This guest post from Jacq Jolie is part of the “reader stories” feature at Get Rich Slowly. Some stories contain general advice; others are examples of how a GRS reader achieved financial success — or failure. These stories feature folks from all levels of financial maturity and with all sorts of incomes. You can read more about Jacq’s story at Single Mom Rich Mom.
On 31 December 2009, I finished what I hope will be my last full-time, permanent job. I’ve worked a bit here and there over the past year, but it’s on my own terms, and not because I have to. I’m now semi-retired at the age of 45. But what does that mean?

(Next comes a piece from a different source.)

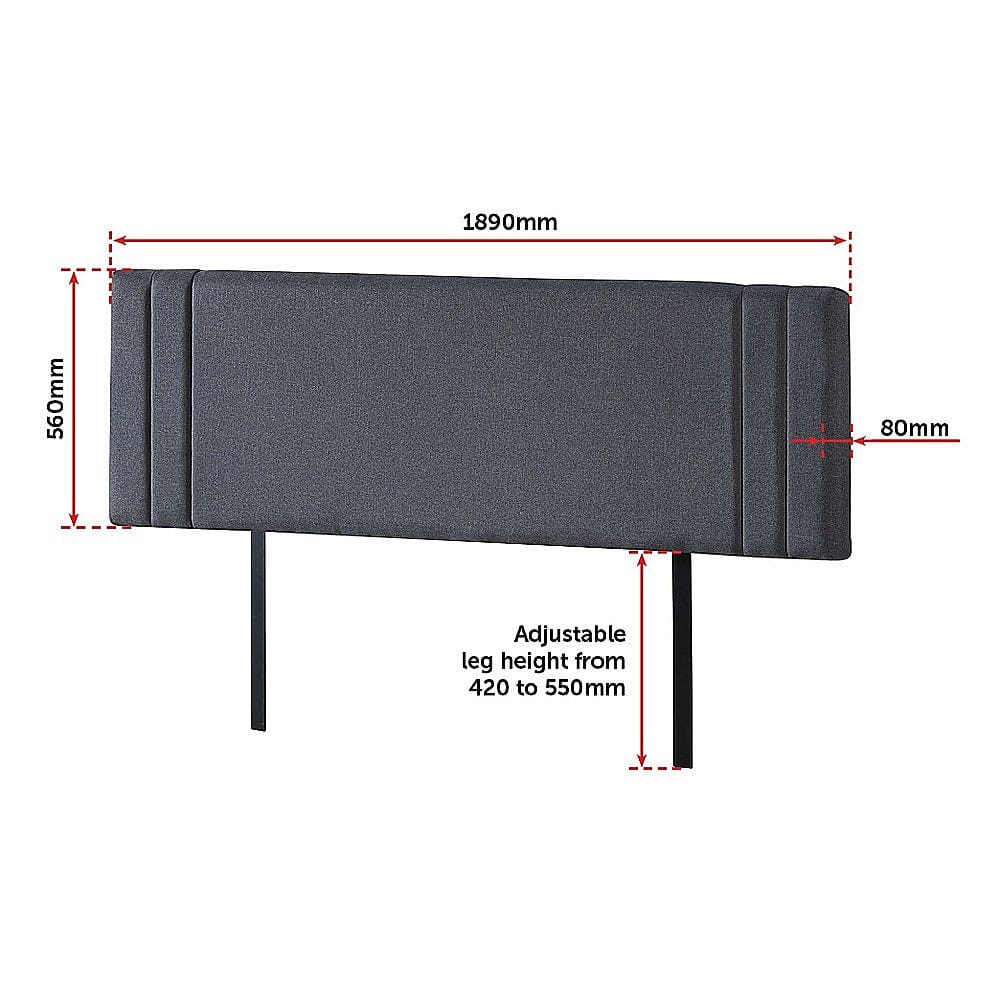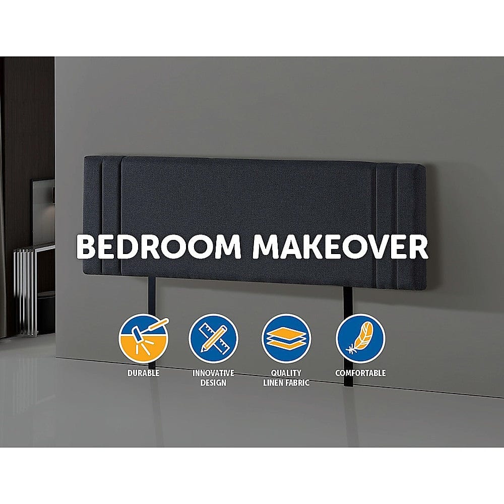 Linen Fabric King Bed Deluxe Headboard Bedhead - Grey

About nine years ago, after reading Your Money or Your Life, I changed from an under-earning, confused woman to a woman with a mission: to never have to work again (unless I wanted to). In November of last year, I reached the Crossover Point, where the income from investments exceeded my expenses. (I think it actually happened sooner than that, but I hadn’t been paying attention.) At last, nine years after first figuring out what I wanted to work hard and save money for, I’d reached Financial Independence.
I’m fortunate that in the last few years, I’ve managed to raise my income so that I can work a few months a year and earn the same amount as I have working full-time (and overtime!) in previous jobs. I’m also fortunate that my wants remain relatively small and I never succumbed to lifestyle inflation. I’ve never wanted a big house, a fast car, or exotic travel.
In a “normal” year, I can easily live on about $36,000, including mortgage payments of about $15,000 per year (that I’m prepaying). So I knew that my Crossover Point was somewhere around $20,000/year with a paid-off house. In the next year, I intend to downsize and move to a (mortgage-free!) townhouse that will be close to public transit for those times I choose to work, and, more importantly, be low maintenance to allow for periods of long travel during the summers.
I’m trying not to plan too far in advance. I want to be flexible. My hope is that I can continue to work part-time or a few months a year for the next 5-10 years until a part of my pension is eligible for withdrawal. My net worth is somewhere around the $500-600k mark, not including pensions. Since I don’t have any intention of touching my savings for the next ten years, I’m hopeful that it will last as long as I need it. If not, I’ll go back to work full-time for a couple of years.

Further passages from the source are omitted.